Dataset records:
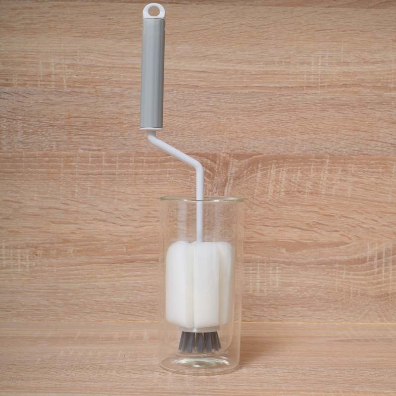 Dvě čisticí plochy: kartáč na mytí dna a houba na mytí stěn.
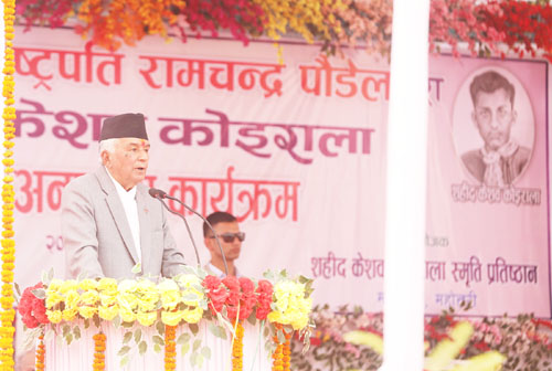 आज मटिहानीमा सहिद केशव कोइरालाको प्रतिमाको अनावरण गरेपछि सहीद केशव कोइराला स्मृति प्रतिष्ठान र मटिहानी नगरपालिकाद्वारा संयुक्तरूपमा आयोजित कार्यक्रममा राष्ट्रपति पौडेलले निमुखा र विपन्न वर्गको उत्थानसहित लोकतन्त्र, गणतन्त्र र समानतासहितको राज्य व्यवस्था कायम गर्ने सहिदको त्यो सपनालाई रक्षा गर्नु अहिलेको आवश्यकता हो भन्नुभयो । “हामीले जनताका अधिकार स्थापित गरेको संविधान पाएका छौँ । यसअनुसार दलित, उत्पीडित, जनजाति, महिला, आदिवासीलगायत तल्लो तहका जनताको उत्थान गर्नुछ । यही नै हो लोकतन्त्र, यही नै हो गणतन्त्र, यही नै हो समानता,” उहाँले भन्नुभयो ।
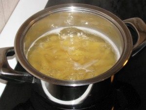 - Cestoviny varte vo vriacej slanej vode podľa pokynov.
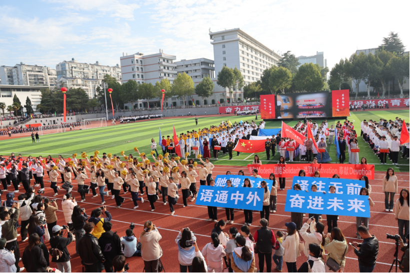师生方阵踏着《运动员进行曲》的鼓点亮相赛场,他们整齐划一,口号嘹亮,表演环节,师生健儿们热情活泼、协同演绎,本科生方阵用青春活泼的舞蹈表演搭配研究生方阵手持展板彰显外语人的“谦和、团结、进取、奉献”的院训精神,让外语人昂扬亮丽的青春风采闪耀赛场。
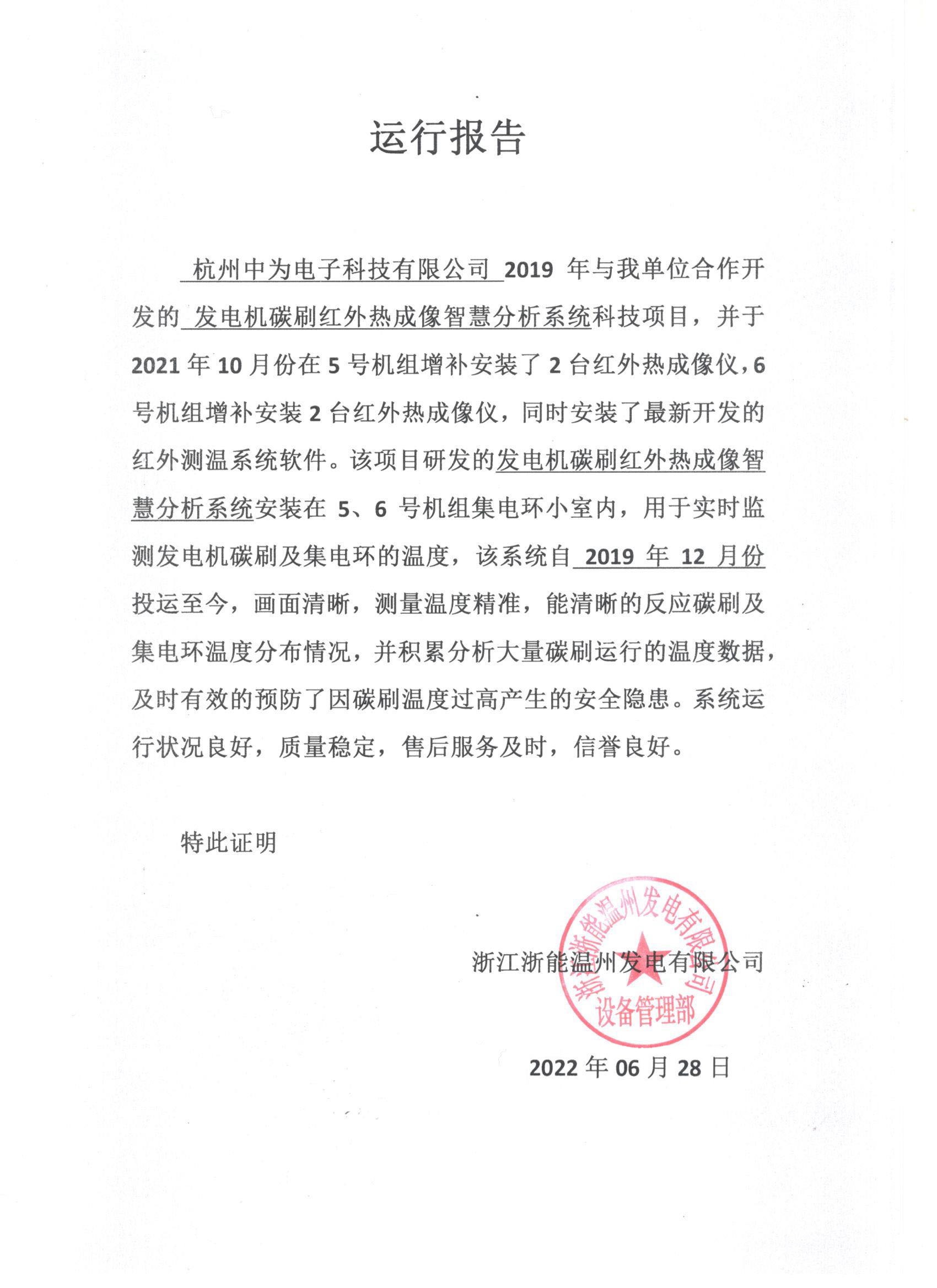 浙江浙能溫州發(fā)電有限公司5、6號機組加裝發(fā)電機碳刷紅外熱成像智慧分析系統

Task details: The copy runs from the line containing "师生方阵踏着《运动员进行曲》" through the last line of the material, both ends included. Reproduce those lines exactly and drop the pictures.

Response to this exercise:
师生方阵踏着《运动员进行曲》的鼓点亮相赛场,他们整齐划一,口号嘹亮,表演环节,师生健儿们热情活泼、协同演绎,本科生方阵用青春活泼的舞蹈表演搭配研究生方阵手持展板彰显外语人的“谦和、团结、进取、奉献”的院训精神,让外语人昂扬亮丽的青春风采闪耀赛场。
 浙江浙能溫州發(fā)電有限公司5、6號機組加裝發(fā)電機碳刷紅外熱成像智慧分析系統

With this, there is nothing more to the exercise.